→ **Entries shown**
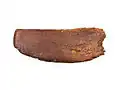 A short, curved, unfluted tablet, 24 × 9 × 1.8 cm, pitted and with one end broken off, made of unknown wood. There is a hole in the middle of the straight edge, probably for hanging. Short segments of the four middle lines have been obliterated on the right side of side b.
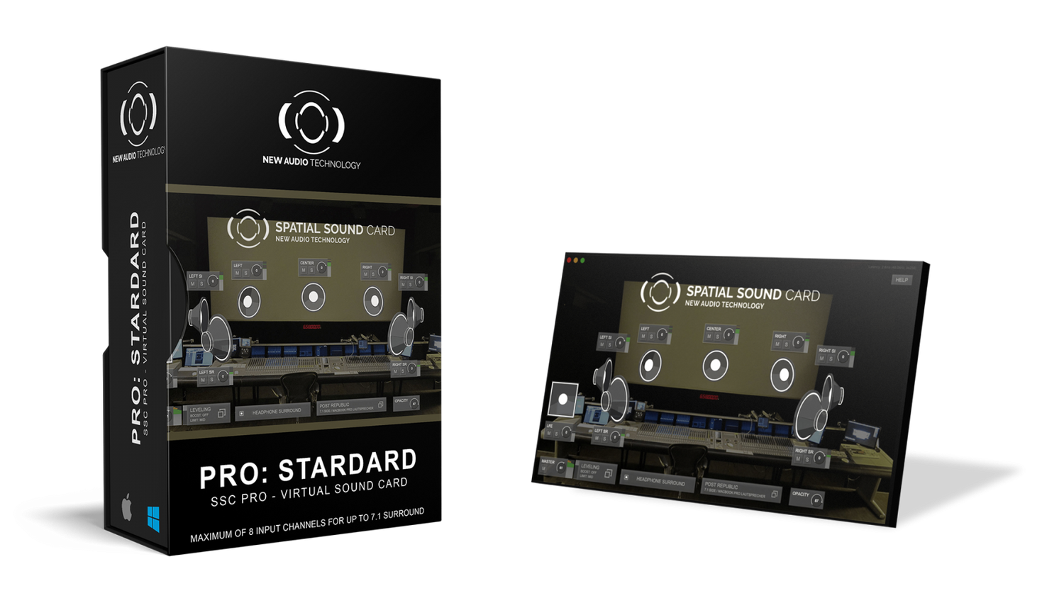 Diese Version von SSC bietet Eingänge für Audiosysteme bis zu 7.1, einschließlich DAW-Ausgängen, Spielen und DVD- oder Mediaplayern wie VLC, YouTube und Netflix. Sie bietet vollen Zugriff auf professionelle Funktionen.
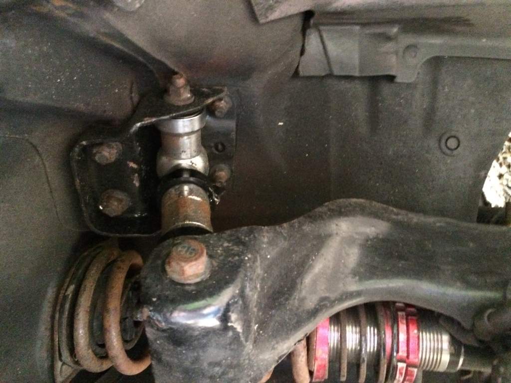 So now more about that shelf of parts. I purchased last winter a full rear subframe assembly off Jaffa, the one off his time attack car. Loads of goodies already polybushed to death etc. So I stripped it down to bare metal and started painting it all with a few coats of lovely hammerite. This is how it stands at present;
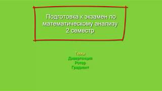 0:02:31 1. Основные понятия и формулы 0:18:00 2. Локальные характеристики векторного поля 0:32:10 3. Интегральные характеристики векторного ...
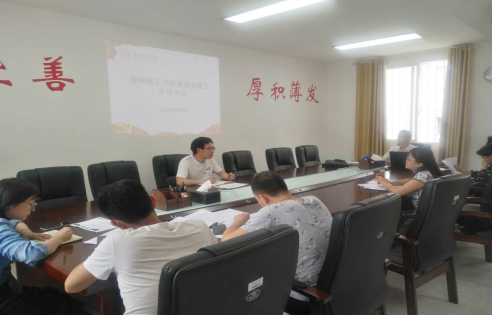 本网讯(后勤管理处 晏子锦/文,韦玲莉/图)为了不断夯实基层党建基础,加强处党总支党的组织建设,充分发挥党组织战斗堡垒作用和党员先锋模范作用。6月4日下午14:00,党委组织部委派谢海波老师对后勤教师党支部作党建工作培训和指导。党支部班子成员、处党总支书记及办公室主任参加了会议。
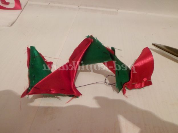 Для листочків, з зеленої стрічки вирізаємо смужки з гострими кінчиками.
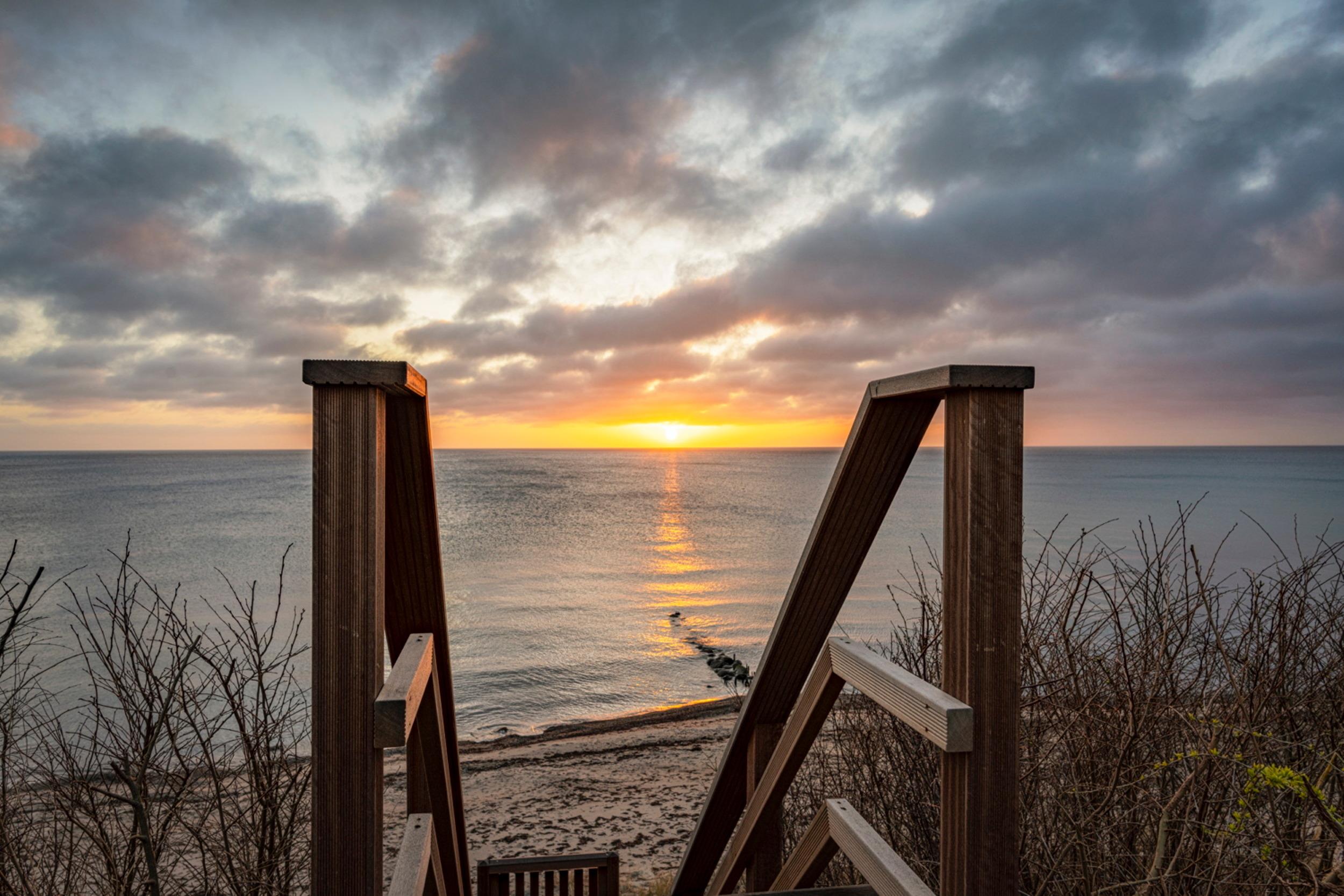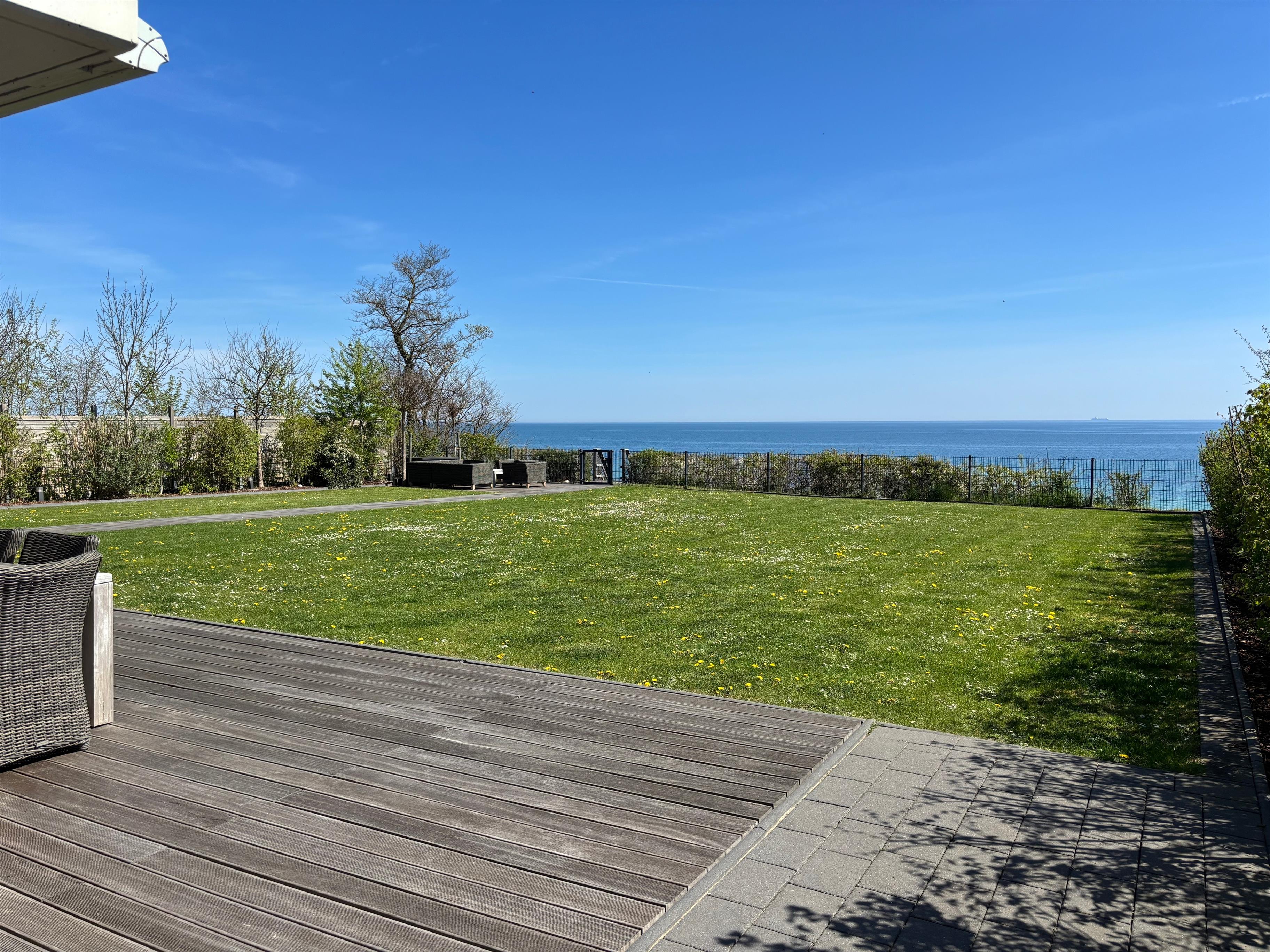 Vom Wohnzimmer aus gelangen Sie auf die große Holzterrasse mit Meerblick, auf der ein Grill (Holzkohle), ein großer Tisch mit Stühlen, Sonnenliegen und ein direkter Zugang zur Ostsee (Treppe) auf Sie warten.

→ **Directions**
Excluding all images, transcribe the material word for word.

→ **Task solution**
 A short, curved, unfluted tablet, 24 × 9 × 1.8 cm, pitted and with one end broken off, made of unknown wood. There is a hole in the middle of the straight edge, probably for hanging. Short segments of the four middle lines have been obliterated on the right side of side b.
 Diese Version von SSC bietet Eingänge für Audiosysteme bis zu 7.1, einschließlich DAW-Ausgängen, Spielen und DVD- oder Mediaplayern wie VLC, YouTube und Netflix. Sie bietet vollen Zugriff auf professionelle Funktionen.
 So now more about that shelf of parts. I purchased last winter a full rear subframe assembly off Jaffa, the one off his time attack car. Loads of goodies already polybushed to death etc. So I stripped it down to bare metal and started painting it all with a few coats of lovely hammerite. This is how it stands at present;
 0:02:31 1. Основные понятия и формулы 0:18:00 2. Локальные характеристики векторного поля 0:32:10 3. Интегральные характеристики векторного ...
 本网讯(后勤管理处 晏子锦/文,韦玲莉/图)为了不断夯实基层党建基础,加强处党总支党的组织建设,充分发挥党组织战斗堡垒作用和党员先锋模范作用。6月4日下午14:00,党委组织部委派谢海波老师对后勤教师党支部作党建工作培训和指导。党支部班子成员、处党总支书记及办公室主任参加了会议。
 Для листочків, з зеленої стрічки вирізаємо смужки з гострими кінчиками.
 Vom Wohnzimmer aus gelangen Sie auf die große Holzterrasse mit Meerblick, auf der ein Grill (Holzkohle), ein großer Tisch mit Stühlen, Sonnenliegen und ein direkter Zugang zur Ostsee (Treppe) auf Sie warten.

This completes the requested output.